**Listed entries:**
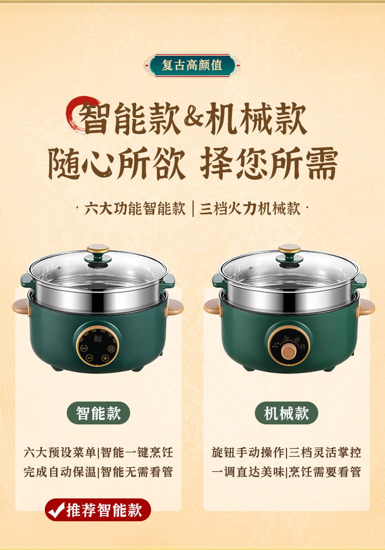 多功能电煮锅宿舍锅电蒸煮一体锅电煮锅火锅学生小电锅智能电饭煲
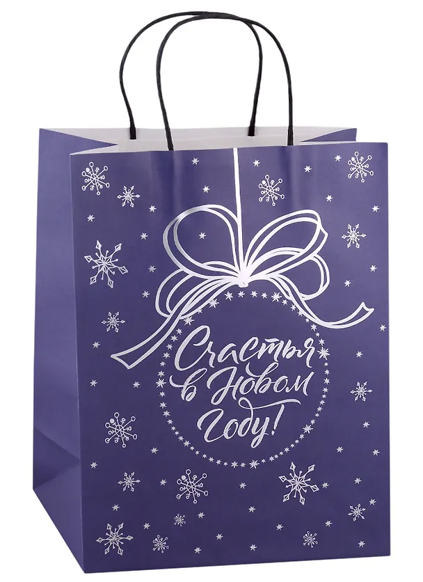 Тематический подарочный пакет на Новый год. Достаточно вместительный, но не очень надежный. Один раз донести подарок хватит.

* * *

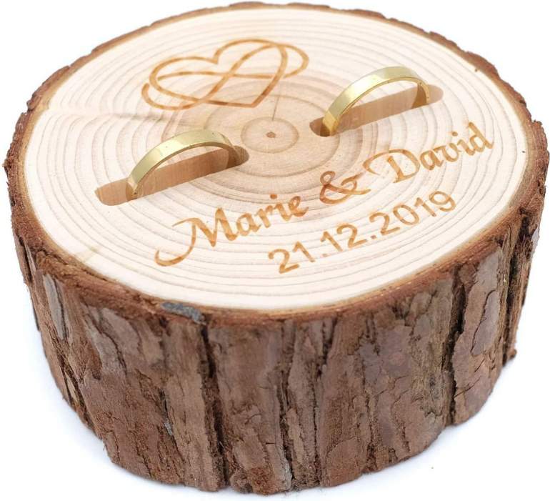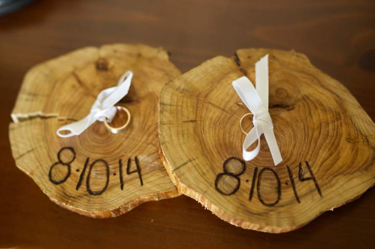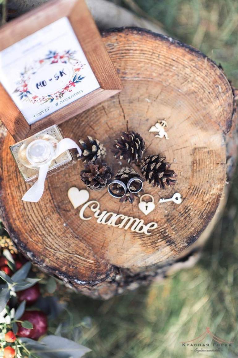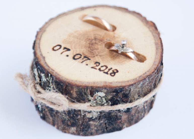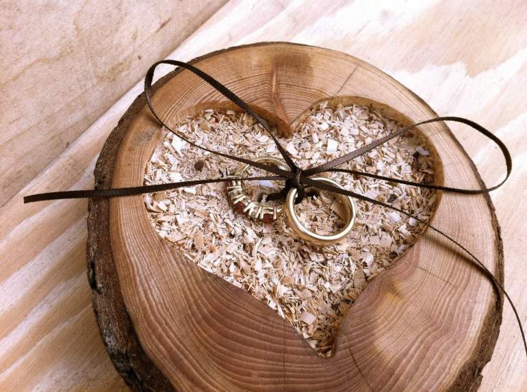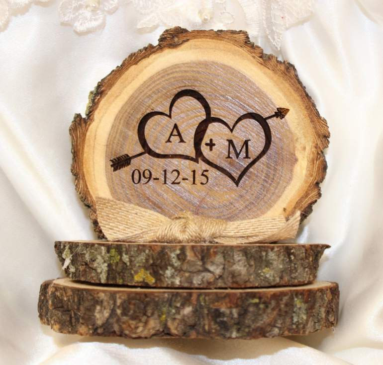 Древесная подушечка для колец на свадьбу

**Directions:** Using the entries above, repeat exactly the lines from the one with "多功能电煮锅宿舍锅电蒸煮一体锅电煮锅火锅学生小电锅智能电饭煲" to the one with "Тематический подарочный пакет", both included, and leave the pictures behind.

**Written answer:**
 多功能电煮锅宿舍锅电蒸煮一体锅电煮锅火锅学生小电锅智能电饭煲
 Тематический подарочный пакет на Новый год. Достаточно вместительный, но не очень надежный. Один раз донести подарок хватит.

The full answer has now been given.